■ **PROBLEM TO WORK ON**
Write out exactly the lines from the one containing "383 cui engine" to the end of the material, both ends included, and nothing else. Leave pictures out.

Start of DATASET EXCERPT

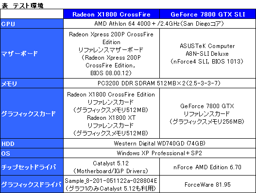 また,NVIDIA SLI(以下SLI)は,nForce4 SLIチップセット搭載マザーボードでなければサポートされないため,同一マザーボード上での比較は不可能だ。このため,CrossFireとSLIの比較は,マザーボードも含めたプラットフォームレベルのものになっているので,この点も理解しておいてほしい。
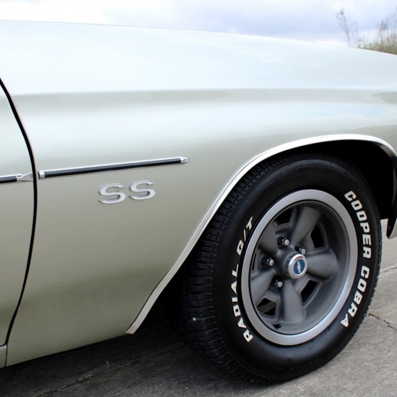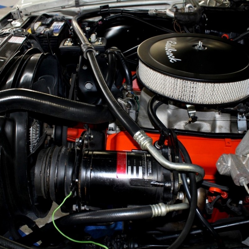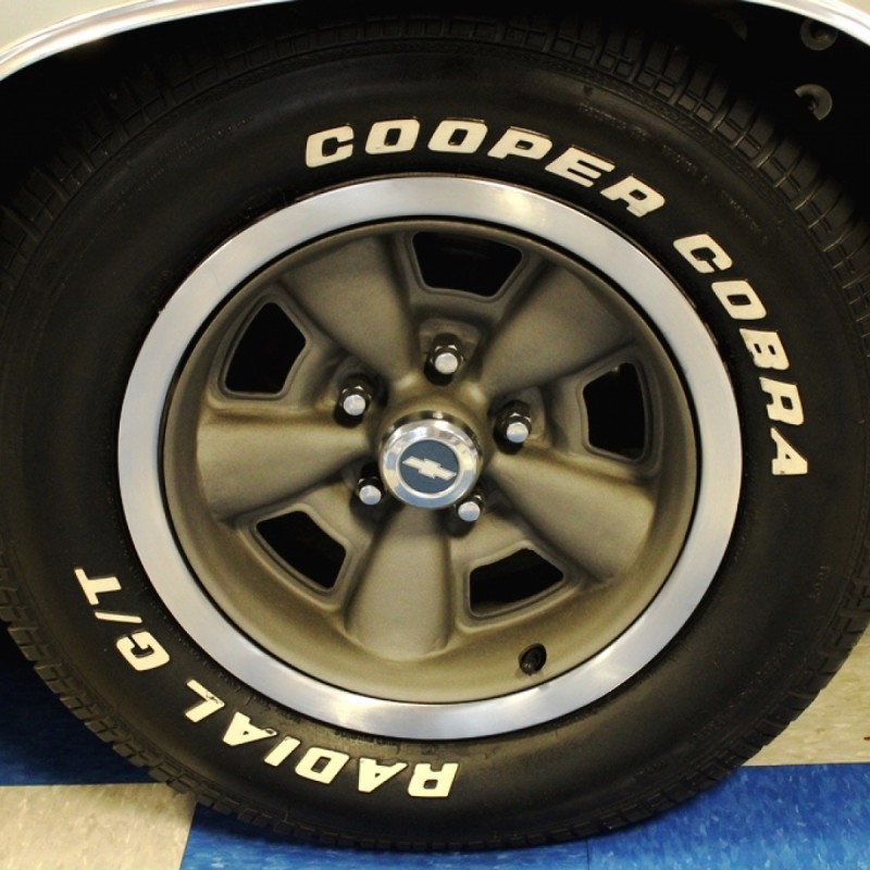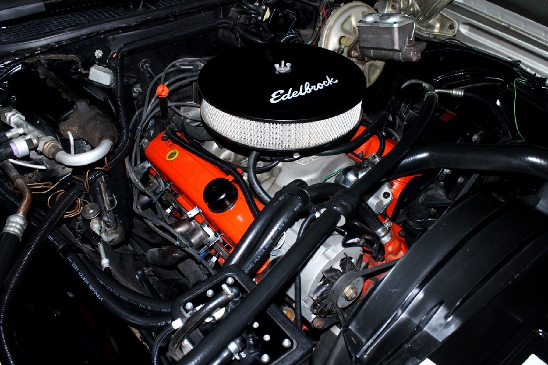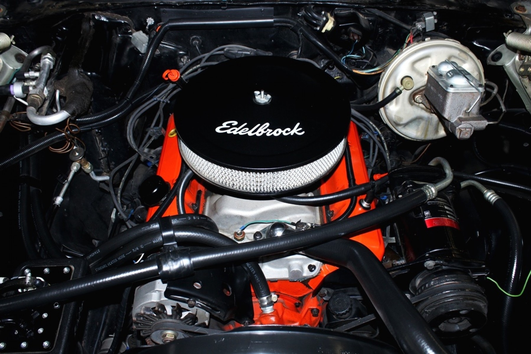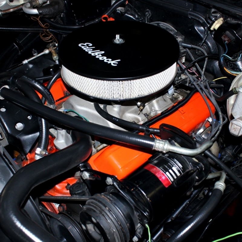 383 cui engine with Edelbrock E-street Throttle Body Fuel Injection. Automatic 700R4 OD transmission. 12 bolt rear end. Painted in factory color Pewter Silver (code 14) with Black stripes and Black vinyl top (code B). Black vinyl bucket seat interior (code 704) with center console. Power front disc brakes. Power steering. Factory Frigidaire A/C. Flowmaster dual exhaust with headers. Front / Rear sway bar. Weiand intake. HEI. Tilt column with SS steering wheel. Factory style gauge cluster with in-dash tachometer. Remote driver-side mirror. Power windows. Front / Rear lap belts. Kenwood AM/FM/Cassette radio with rear package tray speakers. Front bumper guards. Hood pins. SS badges. 15″ Rally wheels with Cooper Cobra Radial G/T’s.
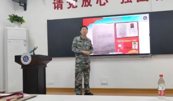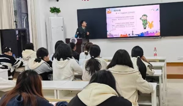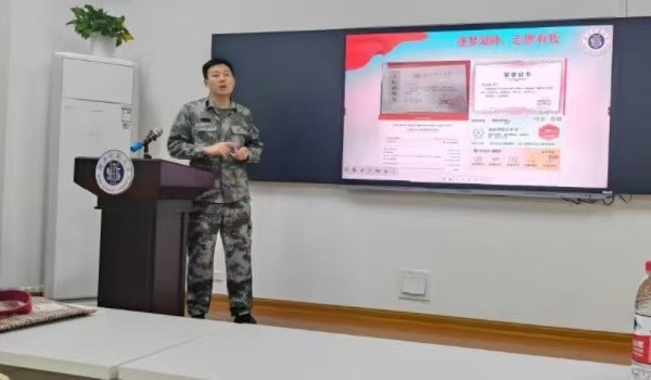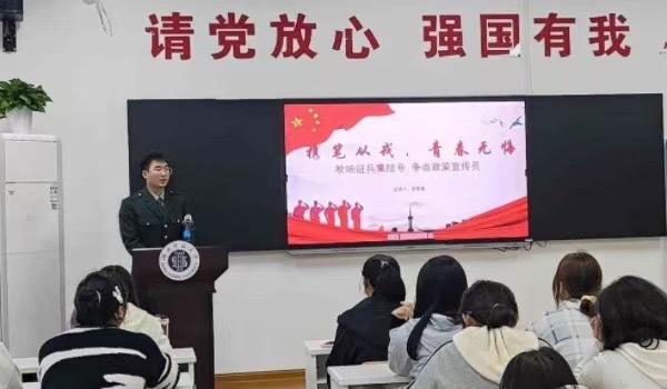 苏家鑫同学详细介绍了大学生应征入伍政策,介绍了参军的相关优待政策,特别是国家在学业、及退役后发展等方面的扶持帮助,鼓励同学们从校园走进军营施展才华,携笔从戎、建功军营,为国防和军队现代化建设注入新的活力。

End of DATASET EXCERPT

■ **RESPONSE BELOW**
 383 cui engine with Edelbrock E-street Throttle Body Fuel Injection. Automatic 700R4 OD transmission. 12 bolt rear end. Painted in factory color Pewter Silver (code 14) with Black stripes and Black vinyl top (code B). Black vinyl bucket seat interior (code 704) with center console. Power front disc brakes. Power steering. Factory Frigidaire A/C. Flowmaster dual exhaust with headers. Front / Rear sway bar. Weiand intake. HEI. Tilt column with SS steering wheel. Factory style gauge cluster with in-dash tachometer. Remote driver-side mirror. Power windows. Front / Rear lap belts. Kenwood AM/FM/Cassette radio with rear package tray speakers. Front bumper guards. Hood pins. SS badges. 15″ Rally wheels with Cooper Cobra Radial G/T’s.
 苏家鑫同学详细介绍了大学生应征入伍政策,介绍了参军的相关优待政策,特别是国家在学业、及退役后发展等方面的扶持帮助,鼓励同学们从校园走进军营施展才华,携笔从戎、建功军营,为国防和军队现代化建设注入新的活力。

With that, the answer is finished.